#### [Task directions]
Word for word, repeat the entries, minus the pictures.

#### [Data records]
========================================

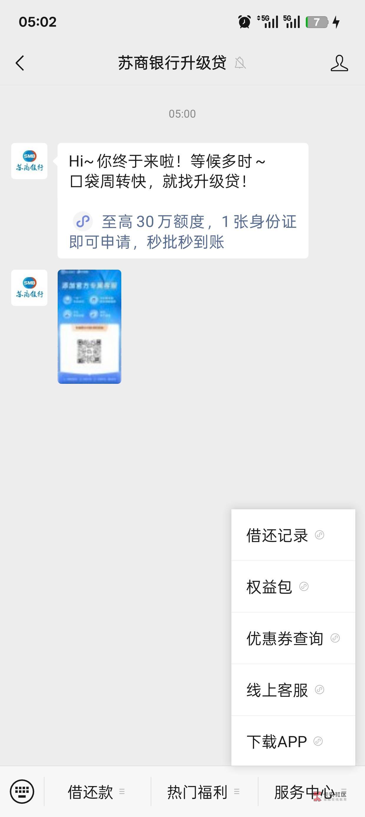 关注苏商银行升级贷公众号,服务中心权益包领2毛,不用谢
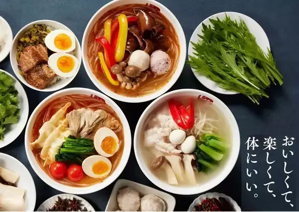 七宝麻辣湯では、30種類以上の薬膳スパイスと、鶏や豚のコラーゲンをたっぷり含んだスープを毎日店舗ごとに丹念に仕込んでいます。春雨は鹿児島県産さつまいもと北海道じゃがいもを配合し、スープに合った麺の太さや食感を追求しました。トッピングには食物繊維豊富な野菜を取り揃えています。七宝麻辣湯の薬膳スープ春雨「麻辣湯」は、美味しさはもちろん、好きなトッピングや辛さを選ぶ楽しさ、気軽さを兼ね備えたヘルシーフードです。
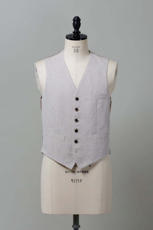 [ ダンガリーノーカラーベスト ]
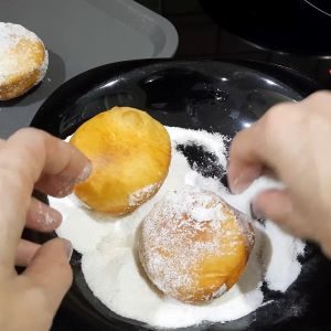 Сразу горячие пончики обваливаем в сахаре или сахарной пудре крупного помола. При желании к сахару можно добавить 1 ч.л. корицы.
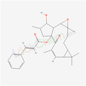 - Synonyms:1a,1b,2,3,4,5,7a,8,8a,9,10,10a,-Dodecahydro-2-hydroxy-3,6,7,7,10a-pentamethyl-5-oxo-4aH-cyclopenta(3,4)cyclopropa(8,9)cyclounadec(1,2-b)oxiren-4a-yl ester;2-Propenoic acid,3-phenyl-,1a,1b,2,3,4,5,7a,8,8a,9,10,10a-dodecahydro-2-hydroxy-3,6,8,8,10a-pentamethyl-5-oxo-4aH-cyclopenta(3,4)cyclopropa(8,9)cycloundec(1,2-b)oxiren-4a-yl ester,(1aS-(1aR*,1bR*,2R*,3R*,4aS*(E),6E,7aS*,8aR*,10aS*));
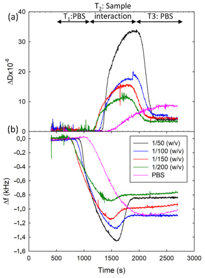 Records of ΔD (a) and Δf (b) acquired to select the honey dilution ratio. Different curves correspond to PBS and different dilution ratios for SFZ analyte with 2 µg/mL concentration for the MAb without loss of generality.
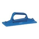 Maintain hygiene in your establishment with this Vikan white handheld scrub pad holder. This pad holder features a durable polypropylene construction, ensuring long-lasting use. It's designed to be used with cleaning pads (sold separately). The cleaning pads easily remove greasy dirt on smooth surfaces such as PVS walls and stainless steel surfaces, and it features an ergonomic handle.
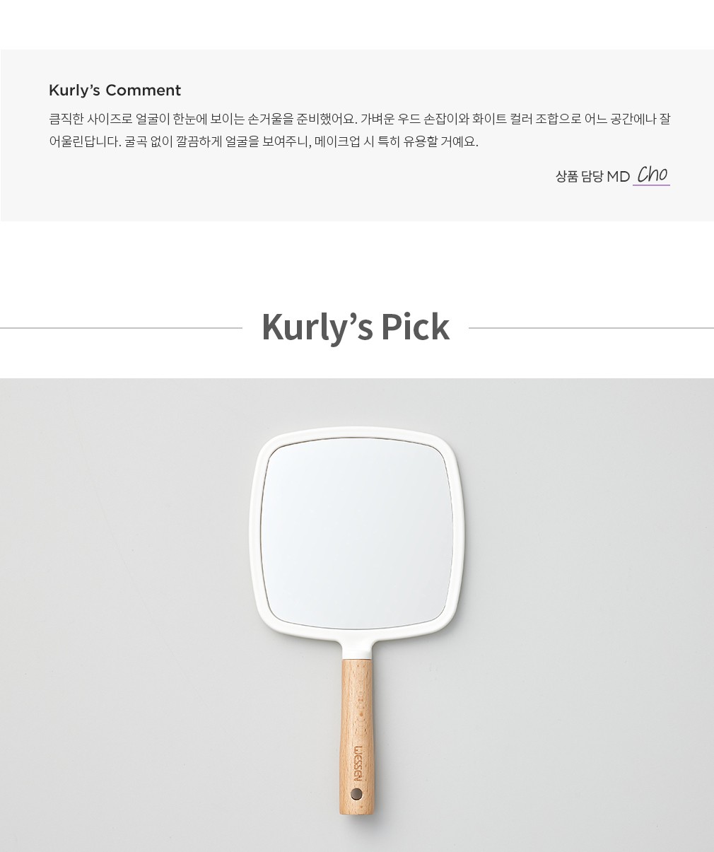 ・ 특징:큼직한 사이즈로 얼굴 전체를 굴곡 없이 보여주는 손거울입니다.

========================================

#### [Written reply]
 关注苏商银行升级贷公众号,服务中心权益包领2毛,不用谢
 七宝麻辣湯では、30種類以上の薬膳スパイスと、鶏や豚のコラーゲンをたっぷり含んだスープを毎日店舗ごとに丹念に仕込んでいます。春雨は鹿児島県産さつまいもと北海道じゃがいもを配合し、スープに合った麺の太さや食感を追求しました。トッピングには食物繊維豊富な野菜を取り揃えています。七宝麻辣湯の薬膳スープ春雨「麻辣湯」は、美味しさはもちろん、好きなトッピングや辛さを選ぶ楽しさ、気軽さを兼ね備えたヘルシーフードです。
 [ ダンガリーノーカラーベスト ]
 Сразу горячие пончики обваливаем в сахаре или сахарной пудре крупного помола. При желании к сахару можно добавить 1 ч.л. корицы.
 - Synonyms:1a,1b,2,3,4,5,7a,8,8a,9,10,10a,-Dodecahydro-2-hydroxy-3,6,7,7,10a-pentamethyl-5-oxo-4aH-cyclopenta(3,4)cyclopropa(8,9)cyclounadec(1,2-b)oxiren-4a-yl ester;2-Propenoic acid,3-phenyl-,1a,1b,2,3,4,5,7a,8,8a,9,10,10a-dodecahydro-2-hydroxy-3,6,8,8,10a-pentamethyl-5-oxo-4aH-cyclopenta(3,4)cyclopropa(8,9)cycloundec(1,2-b)oxiren-4a-yl ester,(1aS-(1aR*,1bR*,2R*,3R*,4aS*(E),6E,7aS*,8aR*,10aS*));
 Records of ΔD (a) and Δf (b) acquired to select the honey dilution ratio. Different curves correspond to PBS and different dilution ratios for SFZ analyte with 2 µg/mL concentration for the MAb without loss of generality.
 Maintain hygiene in your establishment with this Vikan white handheld scrub pad holder. This pad holder features a durable polypropylene construction, ensuring long-lasting use. It's designed to be used with cleaning pads (sold separately). The cleaning pads easily remove greasy dirt on smooth surfaces such as PVS walls and stainless steel surfaces, and it features an ergonomic handle.
 ・ 특징:큼직한 사이즈로 얼굴 전체를 굴곡 없이 보여주는 손거울입니다.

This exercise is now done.